─── Dataset excerpt ───

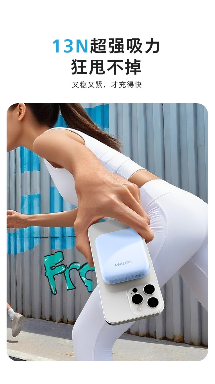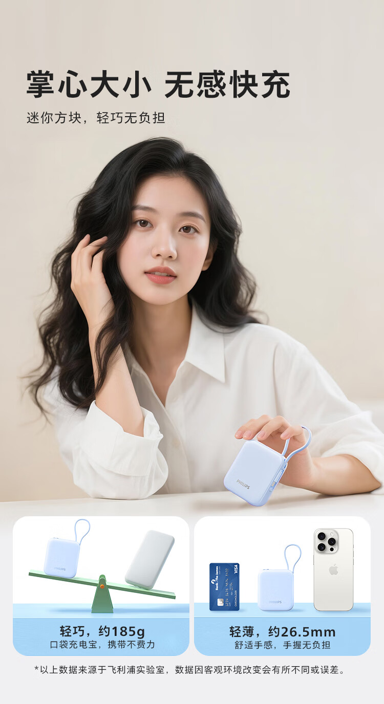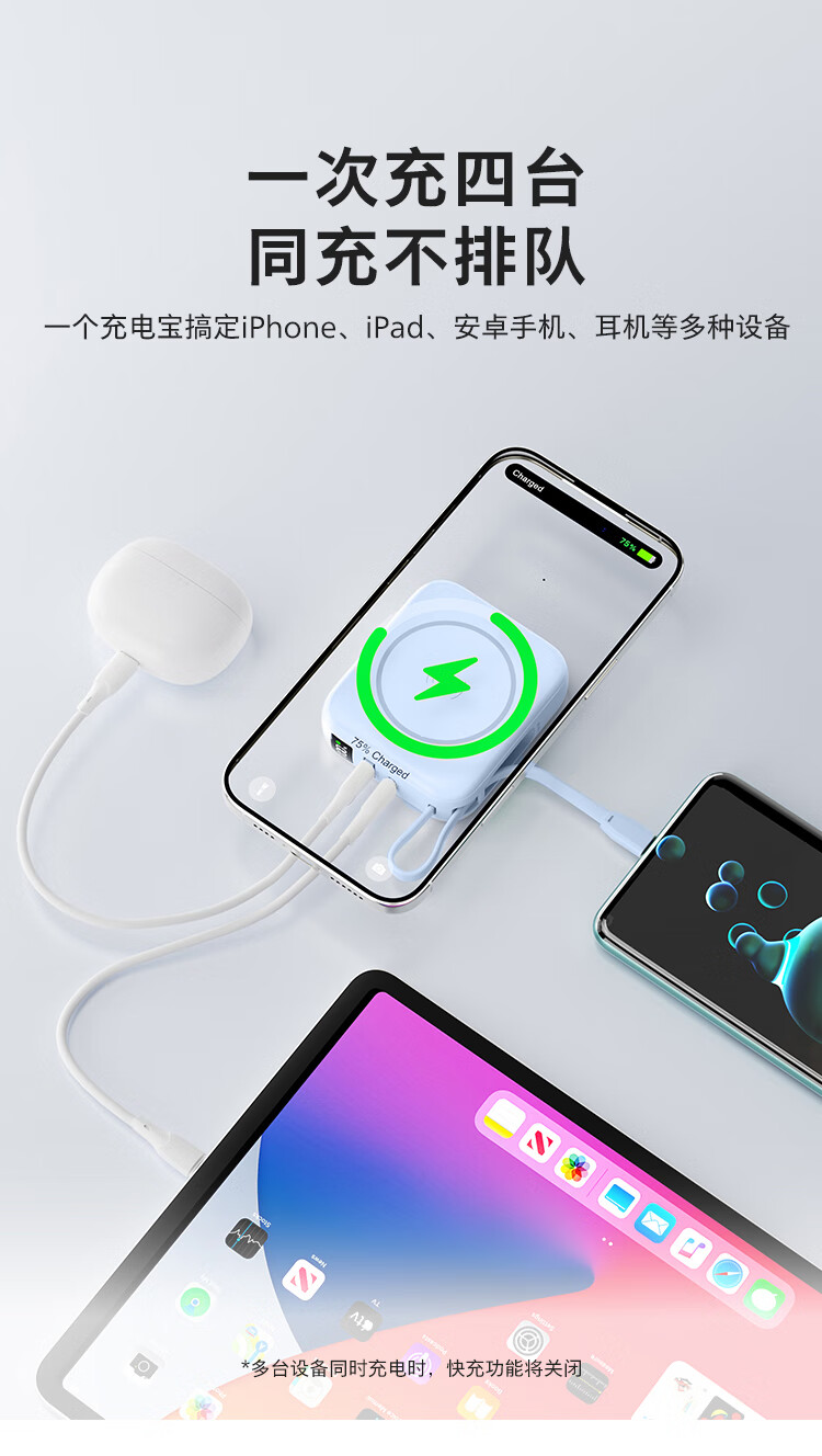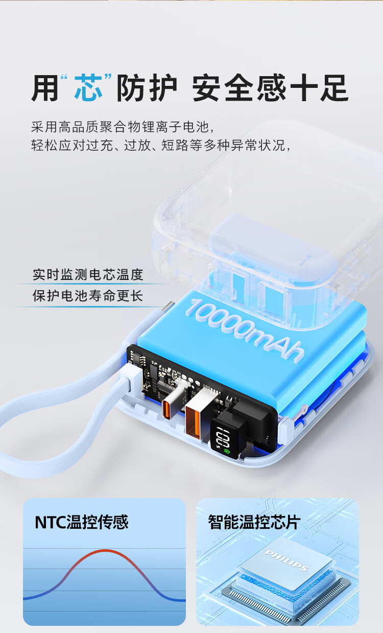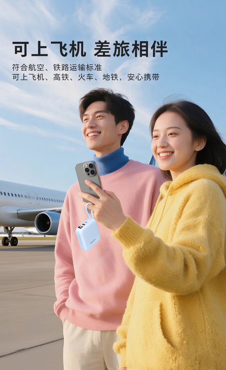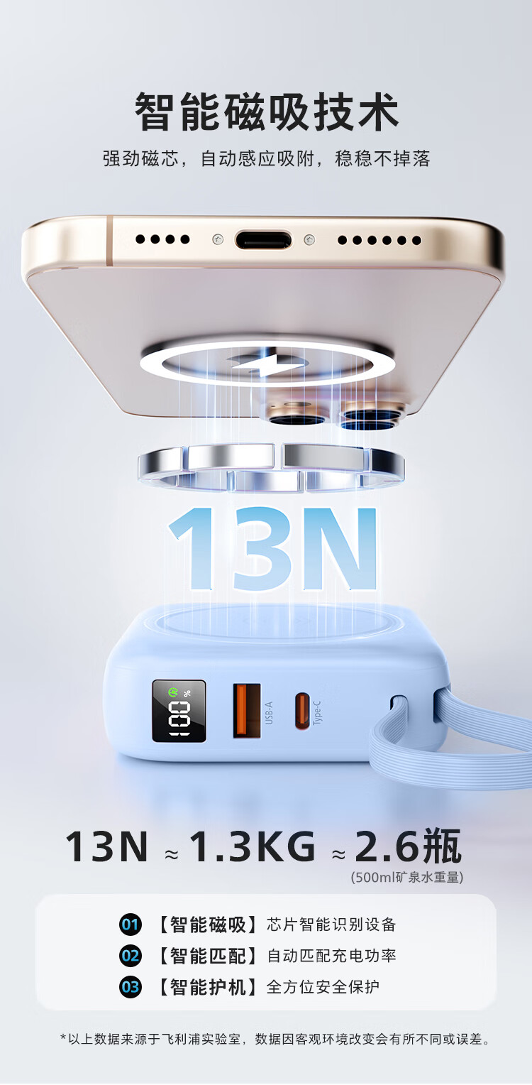 飞利浦【国标3C认证可上飞机】充电宝磁吸自带线快充10000mAh迷你小巧便携移动电源适用苹果15 16 17华为
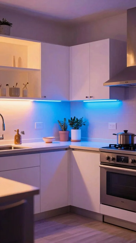 – Pair LED strips with under-shelf cabinets for indirect lighting
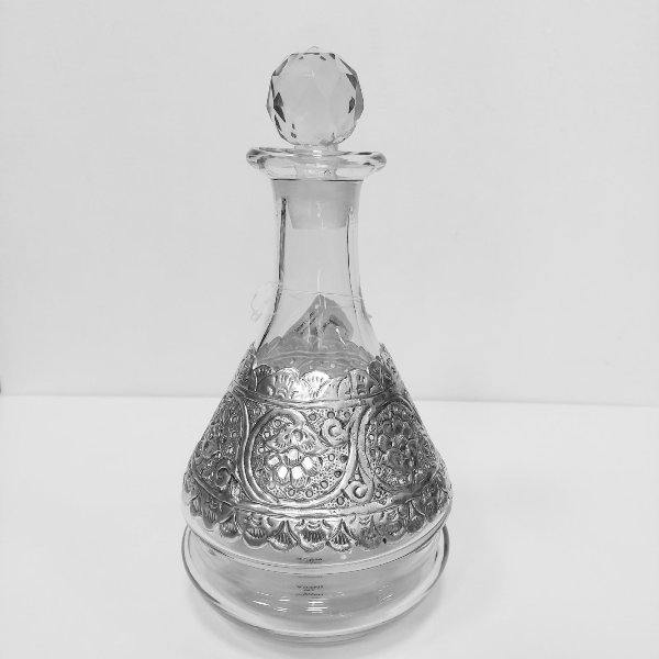 Κομψή γυάλινη καράφα της Inart, διαστάσεων 29x12cm, με ασημί μεταλλικές λεπτομέρειες που προσδίδουν πολυτελή και μοντέρνα αισθητική. Ιδανική για σερβίρισμα νερού, κρασιού ή χυμών, ενώ μπορεί να χρησιμοποιηθεί και ως εντυπωσιακό διακοσμητικό στοιχείο στο τραπέζι ή το μπαρ.

───

Goal of the exercise: Everything in the listing above is to be given again exactly, apart from the pictures.

Solution to this task:
 飞利浦【国标3C认证可上飞机】充电宝磁吸自带线快充10000mAh迷你小巧便携移动电源适用苹果15 16 17华为
 – Pair LED strips with under-shelf cabinets for indirect lighting
 Κομψή γυάλινη καράφα της Inart, διαστάσεων 29x12cm, με ασημί μεταλλικές λεπτομέρειες που προσδίδουν πολυτελή και μοντέρνα αισθητική. Ιδανική για σερβίρισμα νερού, κρασιού ή χυμών, ενώ μπορεί να χρησιμοποιηθεί και ως εντυπωσιακό διακοσμητικό στοιχείο στο τραπέζι ή το μπαρ.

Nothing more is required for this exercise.